月が綺麗だからなんだって話で

アセクシャルな人間の雑記

好きなのに 好きだから

昨日、そこそこ苦しい喧嘩をした。とはいってもほぼ私が一方的に不満をぶつけただけだったけれど。はじめて、「好きなのにつらい」とおもった。今までの喧嘩ではそこまでおもったことはなかったのだけれど、昨日はじめてそう感じた。

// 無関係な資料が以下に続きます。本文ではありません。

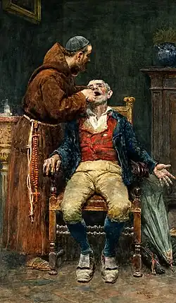 He first gained popularity when he made his formal debut with Venetian and Roman landscapes, and genre scenes; very traditional in style and rendered in great detail. In 1870, he exhibited with the "Società degli Amatori e Cultori di Belle Arti" then, in 1873, he presented his depiction of a chicken market at the Vienna World's Fair. During this time, he was influenced by the works of Marià Fortuny and made his color scheme more complex. He also began painting with tempera and watercolors.
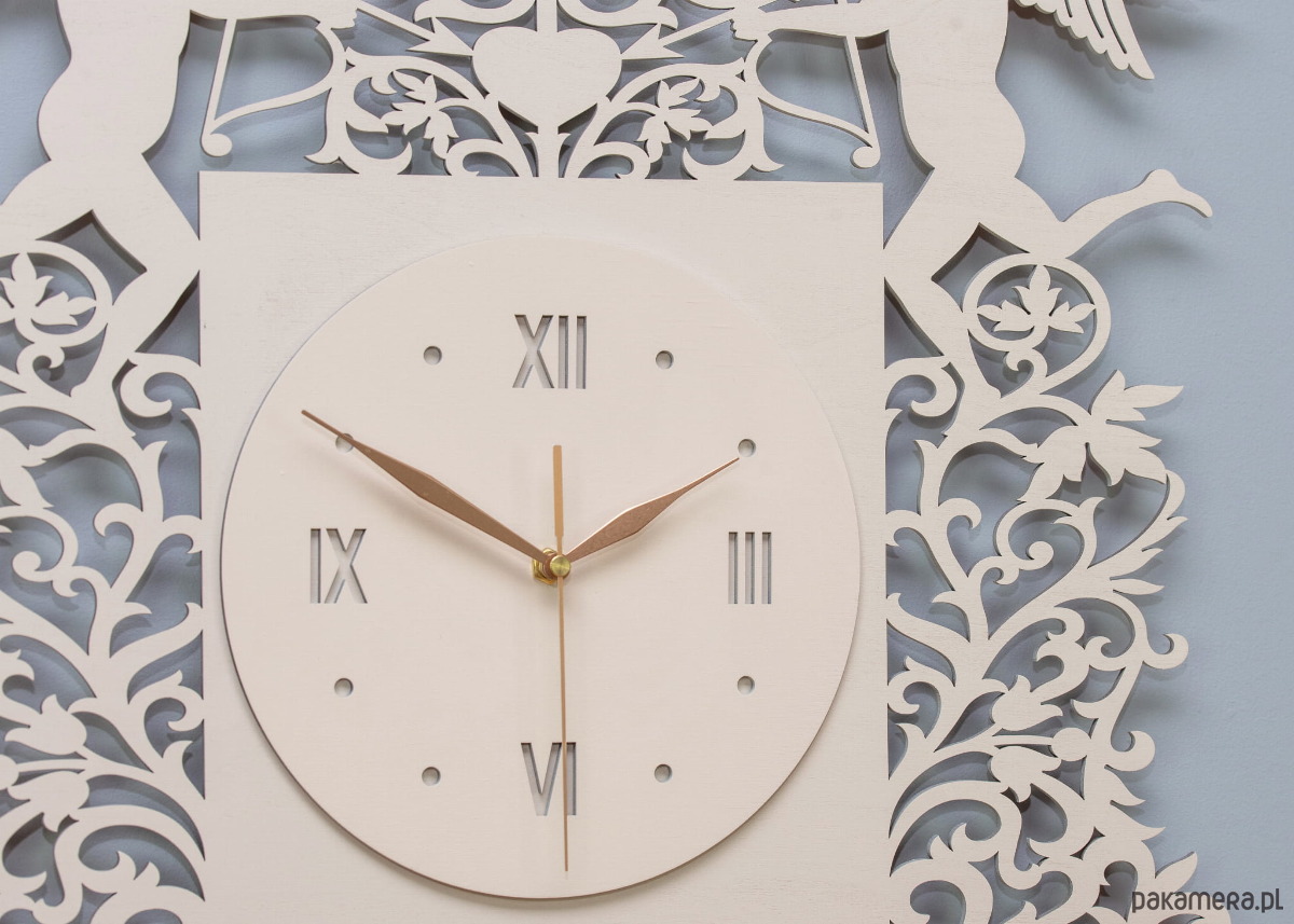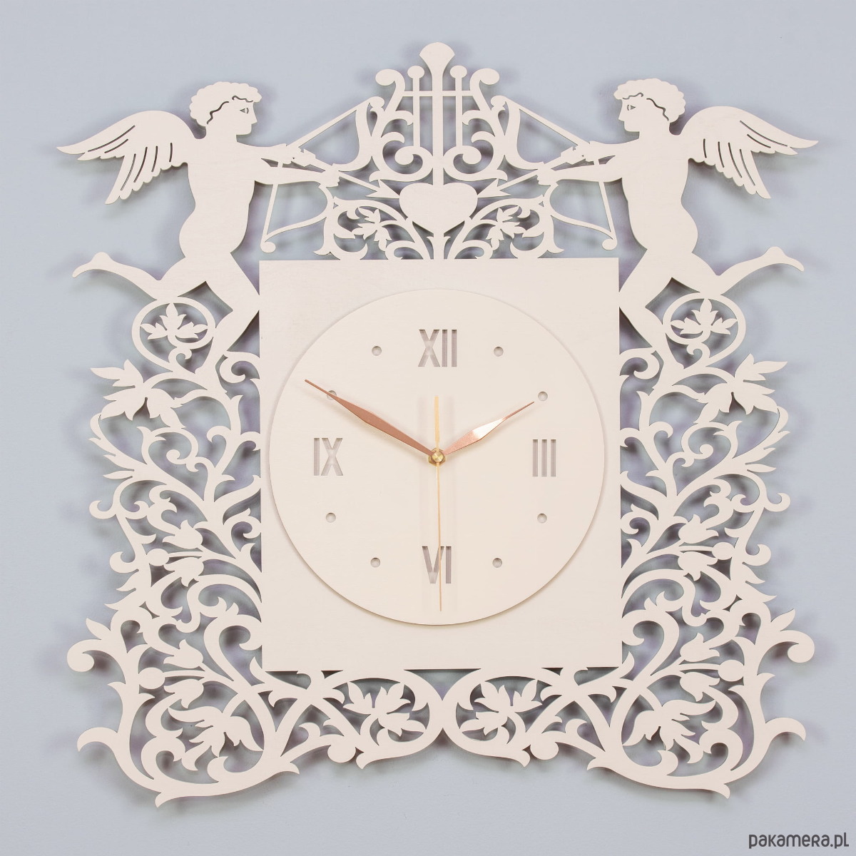 Dekoracyjny, ażurowy zegar z anielskim ornamentem nawiązującym do epoki baroku.

「好きなのにつらい」とは、ずいぶん傲慢な、愛にあぐらをかいた言葉ではないだろうか。好きだからこそ、いちばん感情が動く相手であるわけで、それはポジティブな感情にもネガティブな感情にも言えることなのだとおもう。私にとっては、彼がいちばん、心を動かす要因なのだ。「好きなのにつらい」ではなくて、「好きだからこそつらい」のだ。

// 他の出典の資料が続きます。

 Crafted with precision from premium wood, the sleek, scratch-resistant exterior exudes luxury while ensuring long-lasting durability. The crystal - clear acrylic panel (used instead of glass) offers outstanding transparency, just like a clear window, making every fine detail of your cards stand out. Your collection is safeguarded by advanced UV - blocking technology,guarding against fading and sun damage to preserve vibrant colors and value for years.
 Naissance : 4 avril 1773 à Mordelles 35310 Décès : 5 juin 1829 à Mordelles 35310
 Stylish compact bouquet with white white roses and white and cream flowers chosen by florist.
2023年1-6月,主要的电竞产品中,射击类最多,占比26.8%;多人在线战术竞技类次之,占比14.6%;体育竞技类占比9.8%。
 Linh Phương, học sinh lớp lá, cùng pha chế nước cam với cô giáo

そこで本当につらいかというと、本当につらい。私が一方的にぶつけただけなのに、それまでのことを含めてつらかった。では離れたほうがいいのかというと、少なくとも私にとっては全くもって違う。離れられないし離れたくない。昨日は家に帰ってからずっと泣いていて、(泣いたところでどうにかなる話でもないけれど)あのときは「一緒にいたくない」と言われることが怖くて、涙が止まらなかった。いや、めちゃくちゃに言われた彼からしてみたら意味のわからない話だろうけれど、昨日の私は、今まででいちばん、自分にとって彼がどこまでも必要な人であることを認識した。今までももちろん必要だとおもっていたし、いなくなられたら困るとおもっていたけれど、昨日は「この人にいらないと思われたくない、捨てられたくない」と怖くてしかたがなかった。それならもっと言動を考えろという話だけれど。彼に大人になってほしいと言っているのに、私はどこまでも子どもで、23歳の赤ちゃんだ。

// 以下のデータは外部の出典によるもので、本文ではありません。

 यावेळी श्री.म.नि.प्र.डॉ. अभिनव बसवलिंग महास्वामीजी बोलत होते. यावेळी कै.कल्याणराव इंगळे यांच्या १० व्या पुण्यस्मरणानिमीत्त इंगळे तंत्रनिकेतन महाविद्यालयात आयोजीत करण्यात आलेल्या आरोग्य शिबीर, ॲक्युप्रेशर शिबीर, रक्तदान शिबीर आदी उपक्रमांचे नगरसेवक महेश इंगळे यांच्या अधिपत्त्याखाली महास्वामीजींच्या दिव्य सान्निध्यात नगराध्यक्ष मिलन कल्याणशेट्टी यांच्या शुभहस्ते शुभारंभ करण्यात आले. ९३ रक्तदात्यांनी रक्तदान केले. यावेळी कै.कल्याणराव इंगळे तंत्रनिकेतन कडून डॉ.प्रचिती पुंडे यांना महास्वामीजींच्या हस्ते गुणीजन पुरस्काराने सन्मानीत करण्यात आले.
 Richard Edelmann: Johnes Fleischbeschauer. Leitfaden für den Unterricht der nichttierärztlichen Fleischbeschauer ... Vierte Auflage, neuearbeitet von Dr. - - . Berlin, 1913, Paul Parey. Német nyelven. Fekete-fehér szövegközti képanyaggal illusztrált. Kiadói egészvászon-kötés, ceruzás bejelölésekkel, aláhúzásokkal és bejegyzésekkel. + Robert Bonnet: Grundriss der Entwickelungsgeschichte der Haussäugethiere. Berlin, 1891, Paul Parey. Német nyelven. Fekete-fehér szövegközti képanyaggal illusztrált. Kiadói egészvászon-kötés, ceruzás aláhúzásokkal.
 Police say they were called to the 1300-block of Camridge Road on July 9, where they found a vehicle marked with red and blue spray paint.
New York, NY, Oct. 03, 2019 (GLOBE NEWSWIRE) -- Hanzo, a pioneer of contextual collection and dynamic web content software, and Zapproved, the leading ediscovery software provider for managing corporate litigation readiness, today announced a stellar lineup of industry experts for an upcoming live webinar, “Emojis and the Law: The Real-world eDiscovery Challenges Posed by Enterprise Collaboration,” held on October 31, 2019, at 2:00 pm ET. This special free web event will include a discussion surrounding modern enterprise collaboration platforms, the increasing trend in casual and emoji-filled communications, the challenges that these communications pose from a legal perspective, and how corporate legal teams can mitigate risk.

彼は、怒ったときの冷たい私が怖いと言う。確かに今までも怒ると冷たくなった怖いと言われることはあったのだけれど、本当にそれほど怖いのかと疑っていた。結論、こわい。大事な人の冷たい声は怖い。昨日の彼の声はとても怖かった。心の底が冷えるような、心臓をさらっと一瞬触れて離れていくような冷たさだった。「ああ、こういうことか...」とおもった。あの怖い思いはできるだけしたくないし、彼にもできるだけさせたくない。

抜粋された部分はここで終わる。